Jill Stein: The Syria War Is over Pipelines!

In another “What is Aleppo moment,” Jill Stein, perennial supporter of the Putin-Assad war of annihilation against the Syrian people, has discovered that the fighting has nothing to do with a popular uprising against a ruthless dictator and a brutal response, but a secret war over pipelines. She found enlightenment ipipelinesn an article published on December 2, 2015, on an Australian news website which relied mostly on an essay published on in Foreign Affairs. The interesting thing is that this essay is almost unrelentingly anti-Putin. This can be seen from how it frames the question it seeks to answer:

“Why, ‘logically’, would a country buckling under the strain of a crippled economy and which has itself been a recent victim of extremist terror, open up a second front of military operations far away from its traditional theatre of military engagement in the former Soviet space? And what else, other than ulterior motives to those officially stated, could explain Russia’s targeting of Syrian groupings other than ISIS strongholds?”

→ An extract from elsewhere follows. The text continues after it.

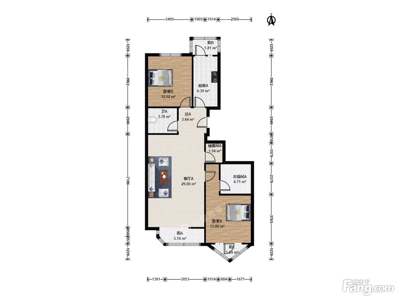户型齐全,主打独立衣帽间,客厅朝南,双卧朝南二居

It continues by depicting Putin’s intervention into Syria’s oil politics as that of a colonial master ordering its subject satrap around:

And so, in 2009, Qatar proposed to build a pipeline to send its gas northwest via Saudi Arabia, Jordan, and Syria to Turkey, an investment of billions of dollars up front that would reduce transportation costs over the long term. However, Syrian President Bashar al Assad refused to sign the plan; Russia, which did not want to see its position in European gas markets undermined, put him under intense pressure not to.

Of course, other powers weighed in with their own interests, but the essential issue was how Russia was focused on protecting its oil weapon, which it was wielding against Europe.

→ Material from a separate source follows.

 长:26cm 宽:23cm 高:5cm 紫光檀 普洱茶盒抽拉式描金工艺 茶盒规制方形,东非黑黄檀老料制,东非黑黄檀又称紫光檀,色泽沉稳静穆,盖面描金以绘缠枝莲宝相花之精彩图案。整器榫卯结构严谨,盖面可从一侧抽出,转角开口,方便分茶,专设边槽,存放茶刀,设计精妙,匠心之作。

Pipelines or People’s Lives?

These past two years has seen an uptick in interesting in this topic. The first recent article I’ve seen on this theme was published by the Carnegie Endowment for International Peace in November 19, 2015; it above all challenged the weight of oil considerations in Russia’s political calculations, including the supposed importance of blocking an alternative to Russian control for oil in the event of a Qatari-Turkish pipeline.

The latest round in this debate was started by a post by Robert F. Kennedy, Jr., in a August 29, 2016, post on EcoWatch, which was republished on Reader Supported News on February 25, 2016. The article argues that “what we call the “war on terror” is really just another oil war.”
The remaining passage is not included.